In Hispanics United one of the five discharged employees wrote a post on her own Facebook page alerting the others that their co-worker was making comments critical of their respective job performances. The other four posted comments “generally object[ing] to the assertion that their work performance was substandard.”

The employer then terminated the five employees allegedly for “bullying and harass[ing]” their co-worker and violating the employer’s “zero tolerance” policy.

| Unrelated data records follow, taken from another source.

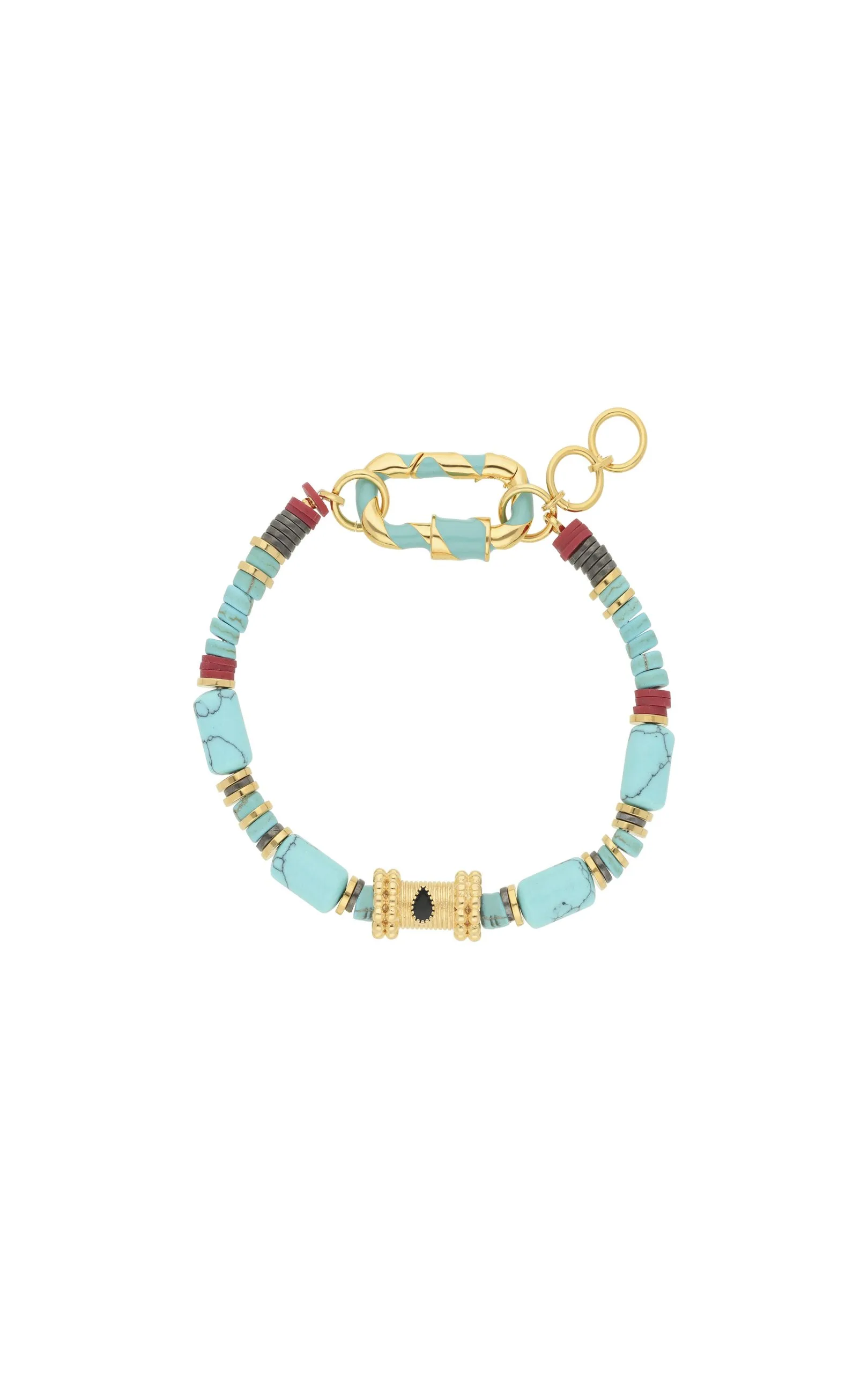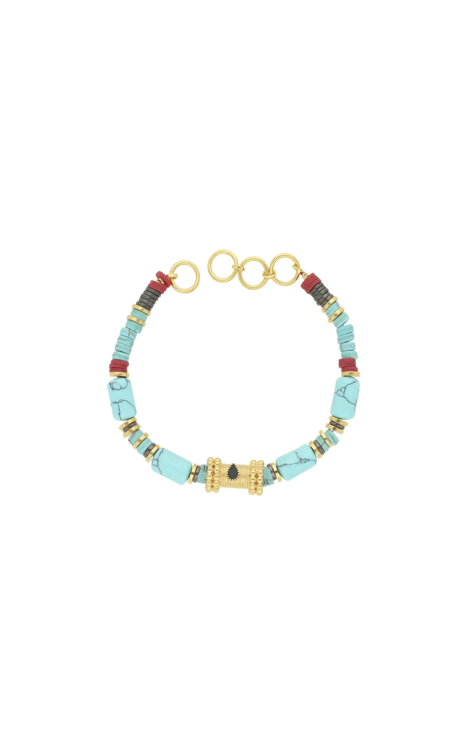 Ce lien doré est composé de pierres véritables semi-précieuses en turquoise recomposée, de perles hématite, de disques en silicone bordeaux et de pampilles dorées à l’or fin 14 carats. Le cabochon central est orné d’une goutte noire effet onyx. À associer avec les fermoirs « LOCKETS ».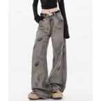 ジーンズ デニム デニムパンツ 韓国ファッション ダメージペイントワイドストレートデニムパンツ レディース メンズ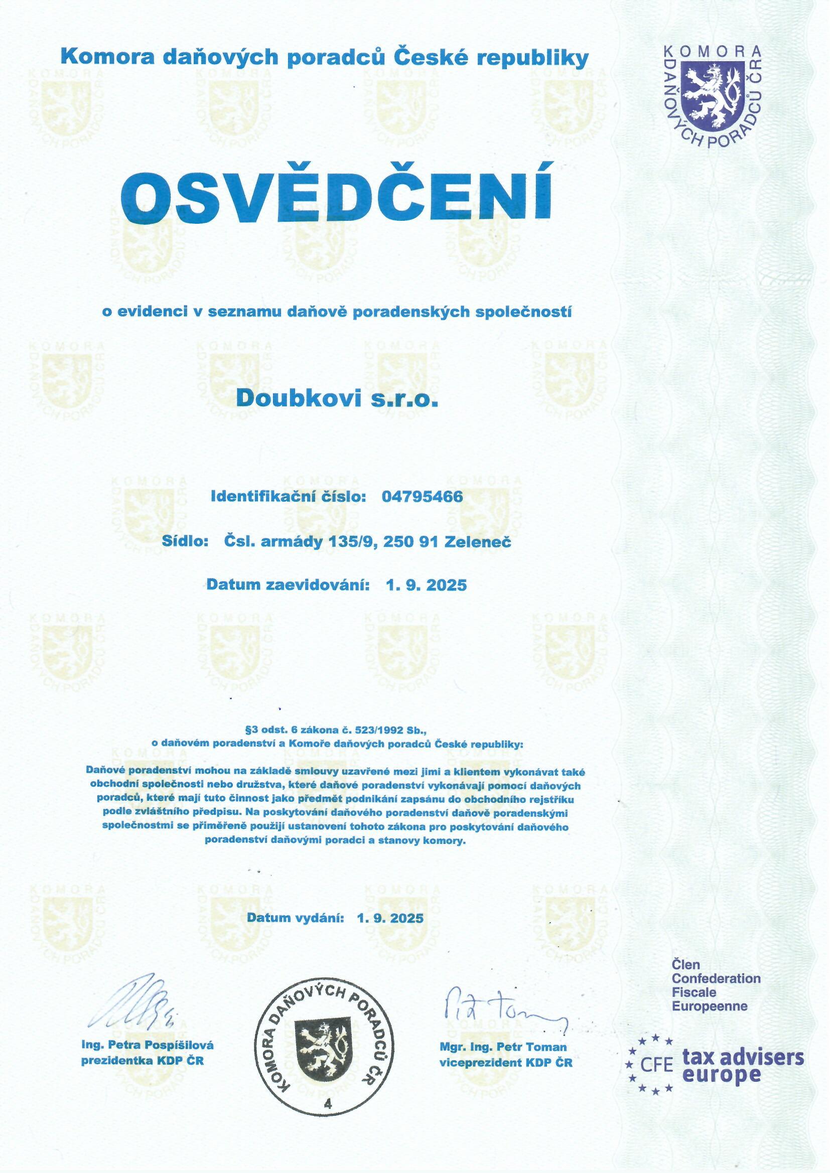 daňově poradenská společnost (osvědčení)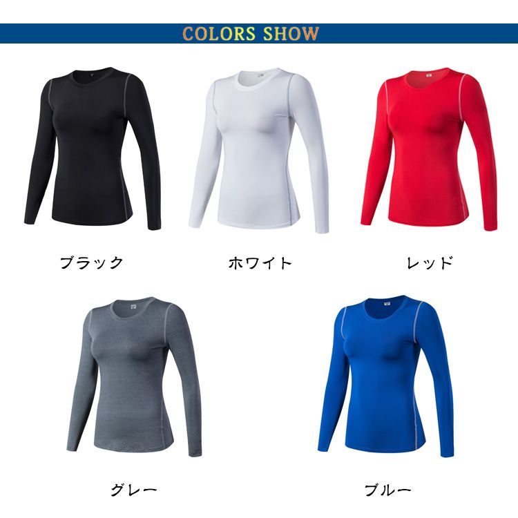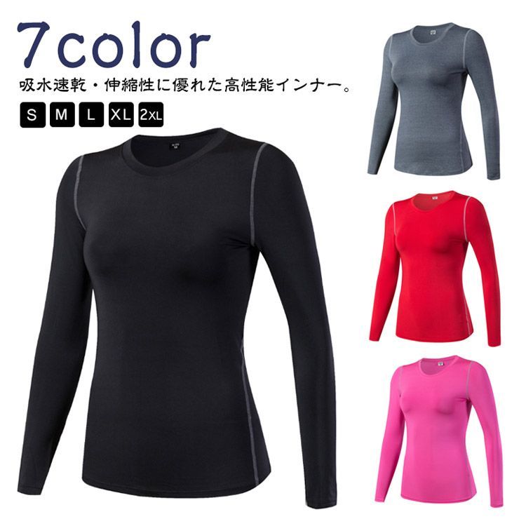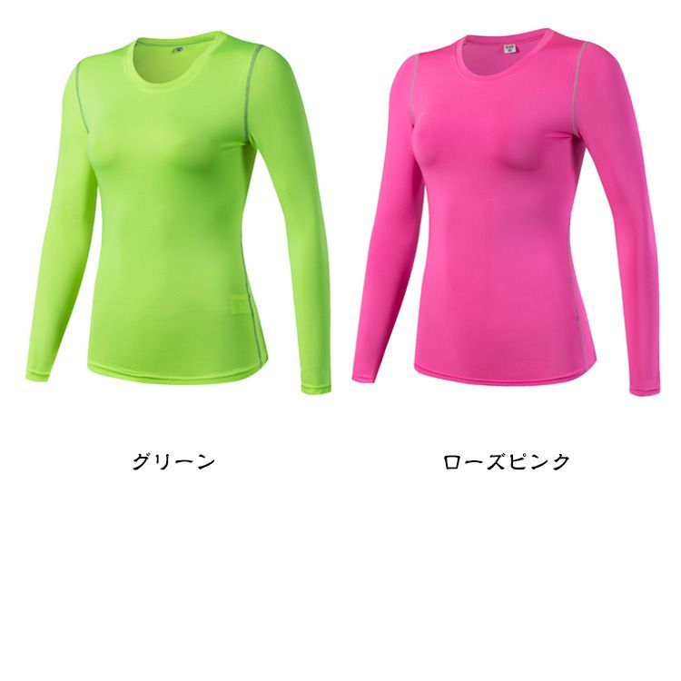スポーツインナー 長袖 コンプレッション レディース アンダーウェア ヨガウェア ストレッチ 吸汗速乾 フィットネスウェア ランニング 重ね着 ジム ウェア スポーツウェア ウォーキングウェア 丸首 #pop2425

The Board analyzed the case under the well-settled doctrine established under Meyers Industries, 268 NLRB 493 (1983) and its progeny. As such, the Board evaluated whether: (1) the activity engaged in by the employee was “concerted” within the meaning of Section 7 of the Act; (2) the employer knew of the concerted nature of the employee’s activity; (3) the concerted activity was protected by the Act; and (4) the discipline or discharge was motivated by the employee’s protected, concerted activity.

In this regard, only the first and third elements were in dispute: “whether the employees’ Facebook comments constituted concerted activity and, if so, whether that activity was protected by the Act.”

The Board found that there was “no question” that the employees’ conduct was concerted in that their comments were made for ‘the purpose of mutual aid or protection,” and, moreover, they “were taking a first step towards taking group action to defend themselves.”

In addition, “the Facebook comments here fall well within the Act’s protection. The Board has long held that Section 7 protects employee discussions about their job performance, and the Facebook comments plainly centered on that subject.”

Thus, employers should understand that whether employees converse on a shop floor or over electronic media from their homes, their activity will be analyzed according to the same long-standing Board precedent.